Para cada um de nós, o Horeb, “monte da fé”, é chamado a tornar-se “o lugar do
encontro e de um pacto recíproco, de certo modo o ‘monte do amor’” (Carta
sobre a peregrinação aos lugares relacionados com a história da salvação,
6). Foi ali que o povo se empenhou em viver, aderindo plenamente à vontade
divina, e que Deus lhe assegurou a sua benevolência eterna. Este mistério de
amor realiza-se em plenitude na Páscoa da nova Aliança, no dom que o Pai faz do
seu Filho para a salvação da humanidade inteira.
Recebamos hoje
de modo renovado a lei divina, como um tesouro precioso! Tornemo-nos, como Moisés,
homens e mulheres que, ao mesmo tempo, intercedem junto do Senhor e transmitem
aos homens a lei que é uma chamada à verdadeira vida, que liberta dos ídolos e
torna toda a existência infinitamente bela e preciosa! Por sua parte, os jovens
esperam com impaciência que façamos com que descubram o rosto de Deus, que lhes
mostremos a via a seguir, o caminho do encontro pessoal com Deus e os atos
humanos dignos da nossa filiação divina, um caminho sem dúvida que exige
esforço, mas o único caminho de libertação que satisfará o seu desejo de
felicidade.
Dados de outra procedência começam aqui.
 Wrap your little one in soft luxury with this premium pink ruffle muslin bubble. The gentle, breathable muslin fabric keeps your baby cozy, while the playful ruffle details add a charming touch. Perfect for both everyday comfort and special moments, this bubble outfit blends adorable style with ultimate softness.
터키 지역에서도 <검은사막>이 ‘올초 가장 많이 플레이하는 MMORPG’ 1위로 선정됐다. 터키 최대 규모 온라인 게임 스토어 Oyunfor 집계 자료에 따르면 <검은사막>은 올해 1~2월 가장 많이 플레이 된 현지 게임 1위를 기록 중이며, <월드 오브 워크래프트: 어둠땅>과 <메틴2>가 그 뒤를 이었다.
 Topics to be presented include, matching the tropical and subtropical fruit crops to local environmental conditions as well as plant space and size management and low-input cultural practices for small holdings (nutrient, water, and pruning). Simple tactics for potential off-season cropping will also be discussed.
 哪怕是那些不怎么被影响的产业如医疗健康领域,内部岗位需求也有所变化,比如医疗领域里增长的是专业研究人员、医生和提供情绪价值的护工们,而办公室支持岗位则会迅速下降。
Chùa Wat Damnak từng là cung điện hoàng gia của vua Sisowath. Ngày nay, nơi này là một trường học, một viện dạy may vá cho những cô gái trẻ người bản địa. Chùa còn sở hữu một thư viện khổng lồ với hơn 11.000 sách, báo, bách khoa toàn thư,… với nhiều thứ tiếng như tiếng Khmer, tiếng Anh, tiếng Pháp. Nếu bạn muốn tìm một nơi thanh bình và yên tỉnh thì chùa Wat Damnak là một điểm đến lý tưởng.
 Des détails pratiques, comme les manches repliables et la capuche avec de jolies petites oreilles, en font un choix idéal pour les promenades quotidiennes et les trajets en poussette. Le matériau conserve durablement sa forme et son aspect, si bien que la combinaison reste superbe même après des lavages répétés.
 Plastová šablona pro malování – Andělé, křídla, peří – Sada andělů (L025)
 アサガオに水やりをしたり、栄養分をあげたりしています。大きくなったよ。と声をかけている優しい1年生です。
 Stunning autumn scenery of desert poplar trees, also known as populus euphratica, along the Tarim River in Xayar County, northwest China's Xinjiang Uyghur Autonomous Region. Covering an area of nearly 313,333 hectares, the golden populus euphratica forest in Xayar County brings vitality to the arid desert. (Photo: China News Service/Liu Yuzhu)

Quando estivermos com Deus no monte da oração, deixemo-nos
impregnar da sua luz, a fim de o nosso rosto resplandecer com a glória de Deus
e convidar os homens a viverem desta felicidade divina, que é a vida em plenitude!
“Do Egito chamei
o Meu Filho”. Oxalá todo o homem ouça o apelo de Deus da Aliança e descubra a
alegria de ser filho!
Fonte: Santa Sé.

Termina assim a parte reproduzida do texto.